The stationary distributions for the score difference are shown in Table 4. The values of the minute and the market value of the opponent are fixed at 80 and 200, corresponding to situations in the final stage of a match with the opponent’s strength being about average. The stationary distributions indicate that there is a high probability for Borussia Dortmund to be in state 3 (high-control state) either if they have a clear lead or if they are trailing. In contrast, if they hold only a slender lead, then the probability of being in state 1 (low control and quick counter-attacks) is highest.

To further investigate typical patterns of momentum shifts according to the state process \(\{s_{mt}\}\), we calculate the most likely trajectory of the states for match m. Specifically, for a given match m, we seek

$$\begin{aligned} (s_{m1}^*,\ldots ,s_{mT_m}^*) = \underset{s_{m1},\ldots ,s_{mT_m}}{{\text {argmax}}} \; \Pr ( s_{m1},\ldots ,s_{mT_m} | {\mathbf {y}}_{m1},\ldots , {\mathbf {y}}_{mT_m} ), \end{aligned}$$

i.e. the most likely state sequence, given the observations. Maximising this probability is equivalent to finding the optimal of \(N^{T_m}\) possible state sequences. This can be achieved at computational cost \({\mathcal {O}}(T_mN^2)\) using the Viterbi algorithm (see Zucchini et al. 2016, pp. 88–92). Figure 6 displays the decoded sequences for the match Borussia Dortmund against Schalke 04 which is already shown in Fig. 1. We see that Borussia Dortmund started the match in the high-control state with occasional switches to the low control state with quick counter-attacks. According to the decoded state sequence, Borussia Dortmund was in the high-control state for most of the first half, and scored three of their four goals while in that state. After the half-time break, Borussia Dortmund was primarily in the low-control state with quick counter-attacks for about 15 min and subsequently alternated between this and the balanced state. In the entire second half, Borussia Dortmund only once was in the high-control state.

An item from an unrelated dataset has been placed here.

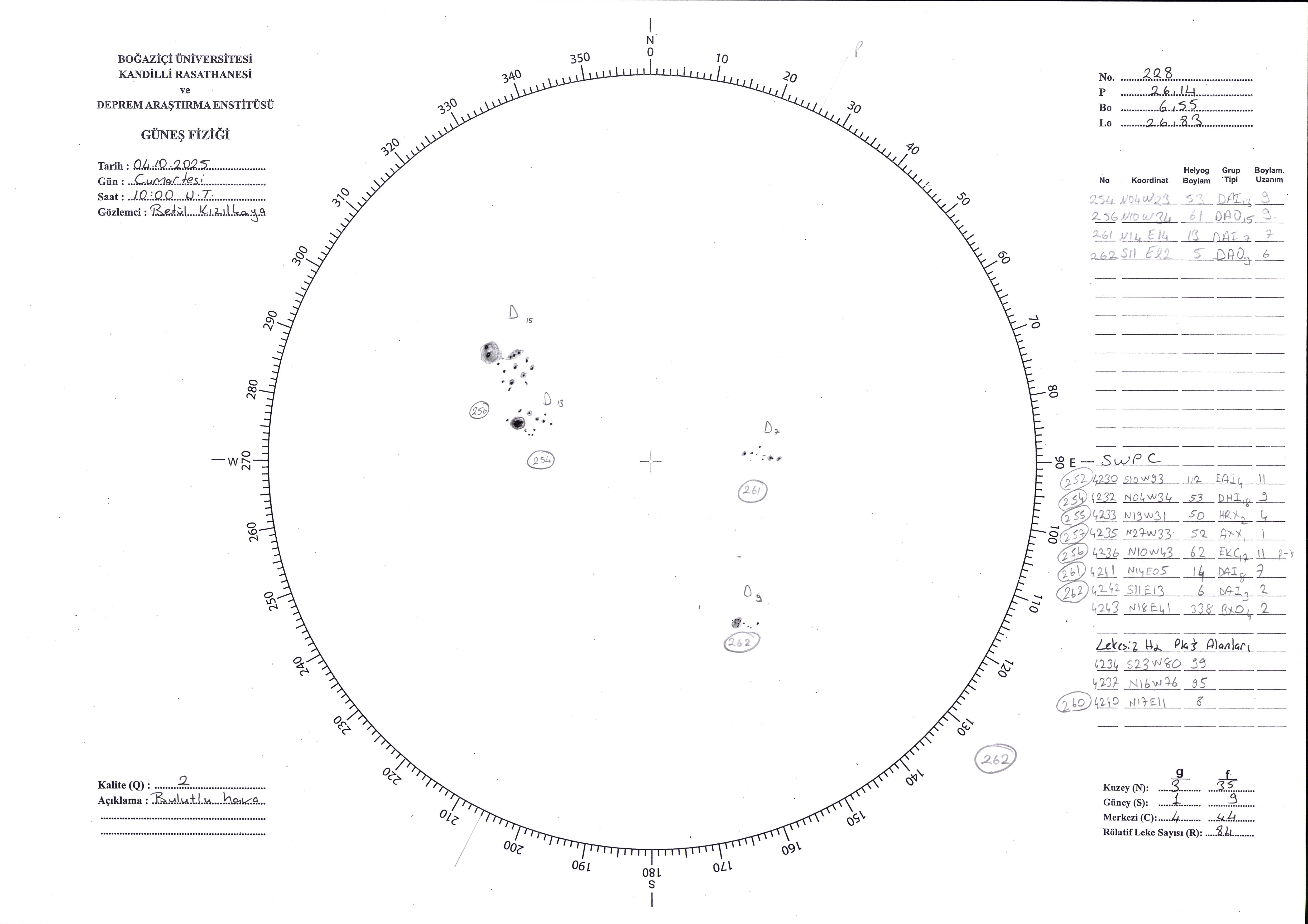 Güneş Lekesi Çizimi - 04.10.2025

At this point, it is worth emphasising that our fitted HMM cannot be expected to fully represent all structure and dynamics related to momentum shifts. First, when applied in an unsupervised setting as was done here, an HMM’s model states will generally only be proxies for genuine states (Leos-Barajas et al. 2017). Second, while discrete states are conceptually appealing and mathematically convenient, it is not necessarily clear that different levels of control and hence momentum shifts are adequately represented by only finitely many states (cf. Ötting et al. 2020). Thus, the actual sequence of control levels may of course differ from the decoded sequence as shown in Fig. 6, and not every inferred state switch refers to a genuine switch in the actual momentum. However, as Borussia Dortmund was occupying the high-control state for most of the first half, but only once in the second half, the decoded state sequence is in agreement with the momentum shift around halftime as suggested by the media.

Fig. 5
figure 5

Transition probabilities as functions of the covariate minute. The dashed lines indicate confidence intervals (based on Monte Carlo simulation). The values of the score difference and the market value of the opponent are set to 0 and 200. Table 5 in the Supplementary Material displays the coefficients of the multinomial logistic regression underlying this Fig. 

Fig. 6
figure 6

Decoded most likely state sequence of the match Borussia Dortmund against Schalke 04 according to the three-state Clayton-copula HMM including covariates. The vertical dashed lines denote goals scored by Borussia Dortmund (yellow lines) and Schalke 04 (blue lines). The goal leading to the intermediate score 2–0 was an own goal by Schalke 04

Table 4 Stationary distributions when fixing the score difference at certain levels

5 Discussion

There is wide interest in the dynamics of football matches, and specifically in potential momentum shifts, in particular by fans and the media. From a managerial perspective, it is important to understand the causes of such shifts, and hence also how to potentially exert an influence on the match outcome. With data sets on in-game summary statistics becoming freely available, we now have the opportunity to statistically investigate the corresponding processes. To that end, here we provide a modelling framework—copula-based multivariate HMMs—which naturally accommodates potential changes in the dynamics of a match by relating the observed in-game match statistics to latent states. A key strength of the proposed approach is that we not only partition a given match into different phases but also allow for the investigation into drivers of how a match unfolds dynamically over time. Such in-game modelling could also be useful for bookmakers to obtain more precise estimations of betting odds. For instance, when modelling the time until the next goal during a football match, bookmakers could take into account the latent dynamics of a match as modelled here.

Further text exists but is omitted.